The Urban Institute's Tax Policy Center has just released its Monthly State Tax Revenue Highlights covering state revenue trends in the month of May 2020. The TPC brief “State Tax Revenues Continued to Decline in May 2020” shows steep declines in state sales tax revenues in May.

Of the eighteen northeastern and midwestern states, only Maine hasn't turned some shade of red on TPC's latest map of fiscal distress.
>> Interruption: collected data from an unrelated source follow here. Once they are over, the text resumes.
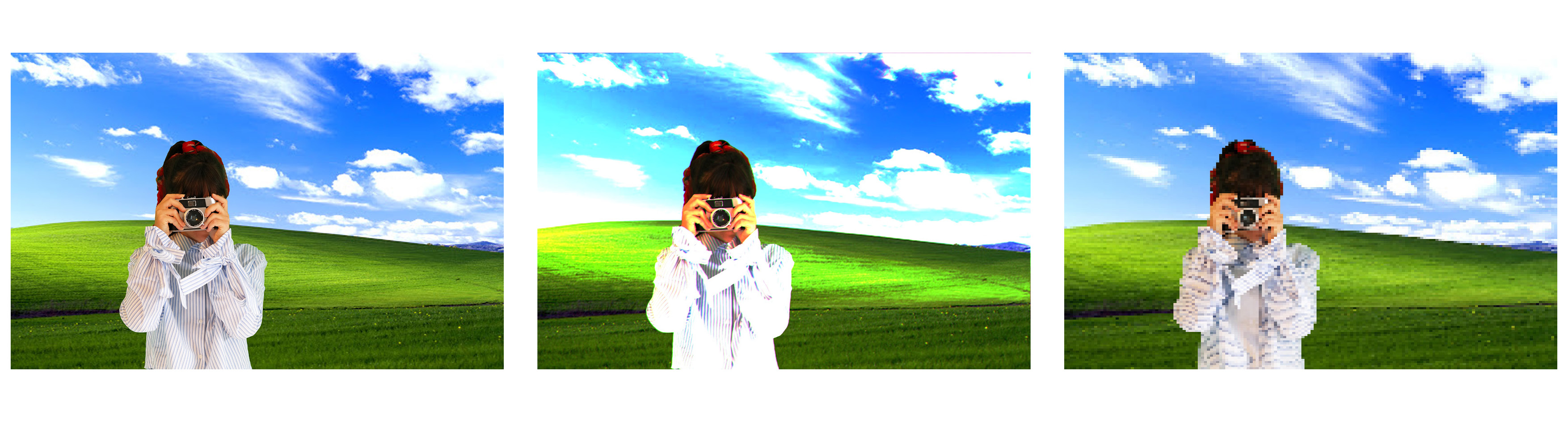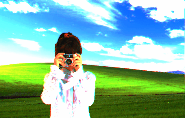 Reprenant mon contexte principal du cyber-voyageuse, je me mets dans la peau de ce dernier. Je me suis appropriée les fonds d’écrans windows, à caractère paradisiaque. Je pars en expédition numérique à travers les écrans. Cependant, comme dit dans mon mémoire de recherche, le voyage numérique et authentique sont complètement différents. Pour accentuer cet écart, j’ai utilisé plusieurs techniques de beug, une sorte d’altération au voyage fait numériquement. Un peu comme si je m’étais incrustée dans la matrix… lol
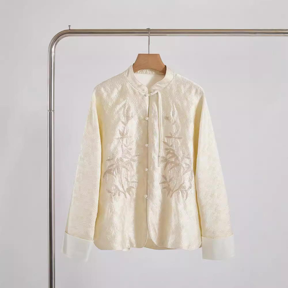 2024秋冬新作新中国式ベストシャツセット百合ジャカード女性上着禅意茶漢服唐服
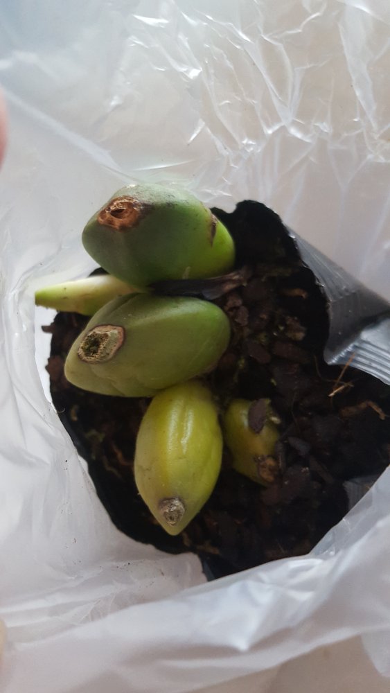 Есть две бульбы и новый рост, который частично сопрел в пути, наверное. Радует, что процесс этот начался с кончиков листьев, а центр остался зеленый. Надеюсь восстановится.
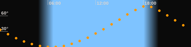 | Höchster Stand (Kulmination) | 18:24 Uhr (h = 78,6°) |
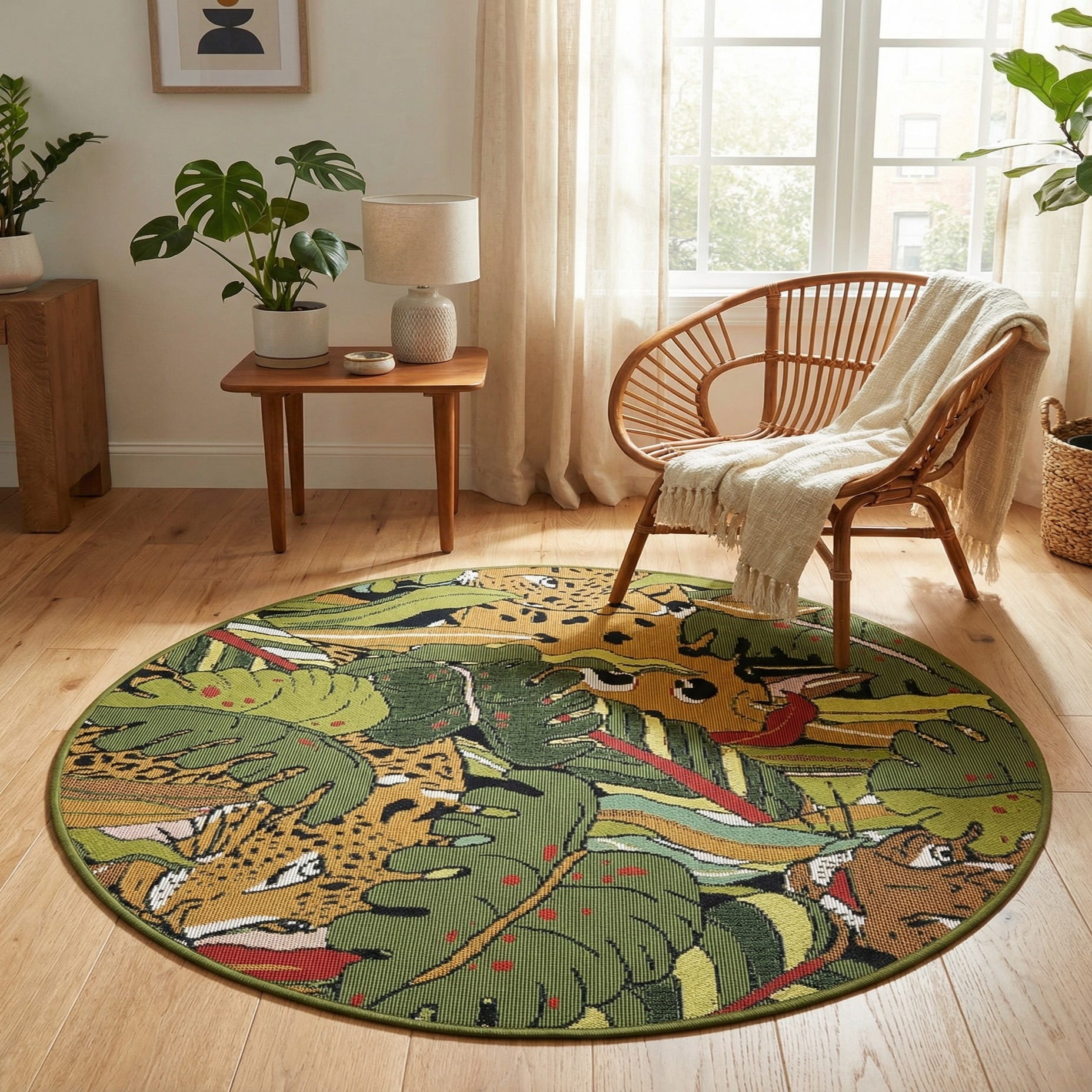 3' x 3' Washable Botanical Indoor / Outdoor Round Rug
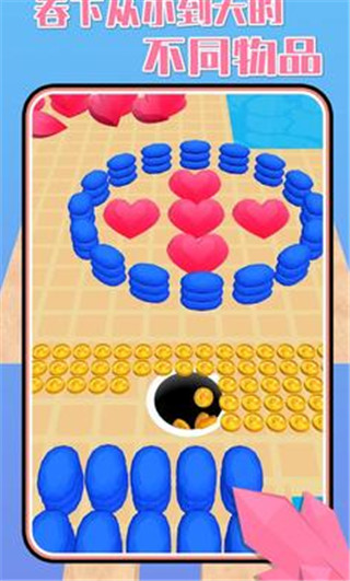 黑洞大师是一款非常魔性有趣的休闲小游戏,以黑洞吞噬为主题,游戏中,玩家操控黑洞进行吞噬,尽可能多的吞噬物品,获取更高的积分,赚取收益。将其兑换成金币之后提升自身的直径与前进速度,不断发展壮大。游戏玩法非常简单,玩家只需要控制黑洞在关卡内移动,借此吞噬掉面积比黑洞面积小的物体,而想要吞噬较大的物体,则需要不断的升级黑洞的直径。游戏提供了移动速度、直径、收益率,共三项参数,玩家可以根据自己的喜好进行培养,或是选择优先提升直径,或是选择将收益率拉满。此外,可供吞噬的道具也丰富多样,简单的碎石到标准的砖块,亮闪闪的金币到价值不菲的奇葩货币,各种东西都能被用来当作吞噬的目标。值得一提的是,为了让玩家能有更好的代入感,黑洞大师最新版采用了全新的渲染技术,将3D立体模型打造出了现在的卡通风格,游戏中的各种道具也是有着独立形象设计,除了背景外,还为每个关卡都打造了单独的场景,极大丰富了游戏色彩,可玩性非常高,还在等什么呢,快来下载体验一下吧。
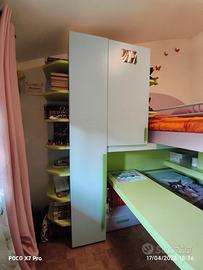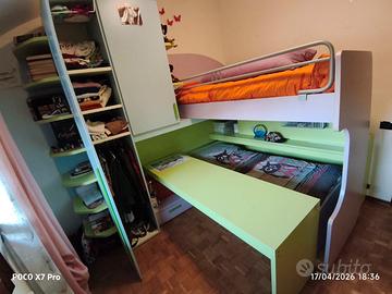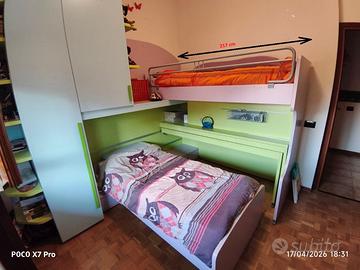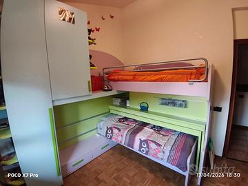 Camera da letto molto funzionale come lo si può vedere anche dalle foto. Struttura del letto superiore, letto inferiore e scrivania poggiano su ruote e si spostano in maniera indipendente tra loro per avere spazio e funzionalità in base ai momenti della giornata. Struttura molto robusta (non é una camera Ikea per intenderci). Acquistata 7 anni fa nuova ma ora, causa trasloco, siamo costretti a lasciarla. Non presenta botte o ammaccature. Le misure sono riportate in foto. Possibile visionarla in loco. No perditempo e soprattutto no cacciatori di affari. Vendo una camera seria e gradirei avere a che fare con gente seria. Il prezzo é trattabile. Disponibile per qualsiasi ulteriori chiarimenti. No chiamate dirette ma usate sempre prima whatsapp. Grazie.
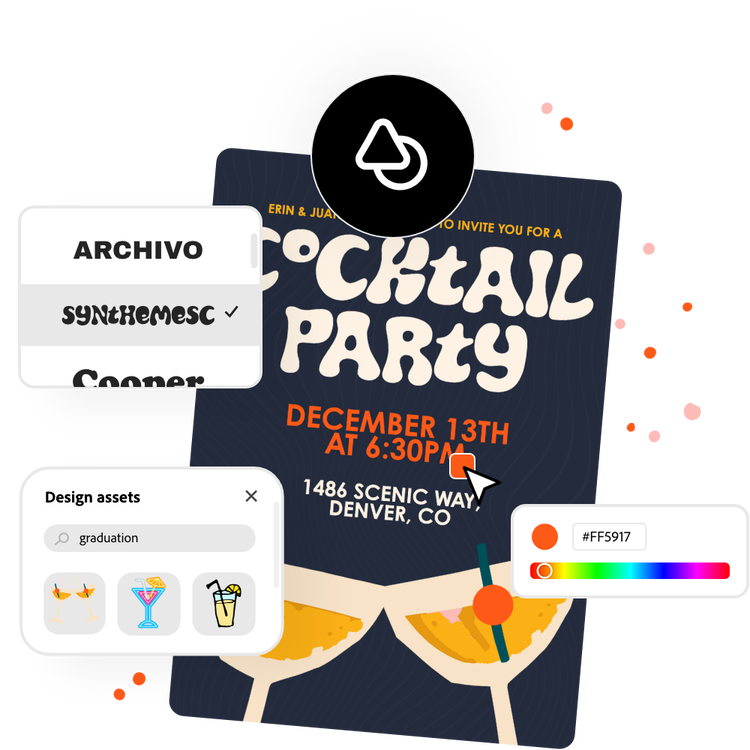 Biarkan Adobe Express menjadi ahli desain undangan pesta Anda.
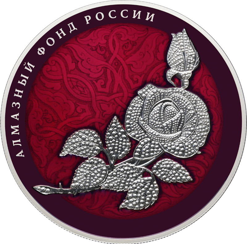 На реверсе изображена брошь «Роза» на фоне древнерусского орнамента в цвете. Вдоль канта надпись: АЛМАЗНЫЙ ФОНД РОССИИ.
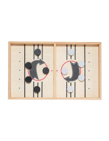 Divertido juego de mesa fabricado en madera e ideal para los más competitivos. El juego consiste en lanzar las fichas desde cada campo al capo contrario usando el elástico. Gana el que más fichas cuele por la ranura del oponente. Tablero con 5 fichas blancas y 5 negras, presentado en una caja individual de diseño kraft.

From a macroeconomic stand-point, the fact that total state tax revenue has turned "sharply negative," underscores the Federal Reserve Chairman Jay Powell's increasingly blunt warnings that the state (and local) revenue shortfalls and their accompanying budget cuts can only lengthen what is now being characterized as either a "swoosh" or (my new favorite) a reverse square root shaped recovery. Whatever label we use for this slow recovery, we know that it will mean prolonged pain for the state and local sector.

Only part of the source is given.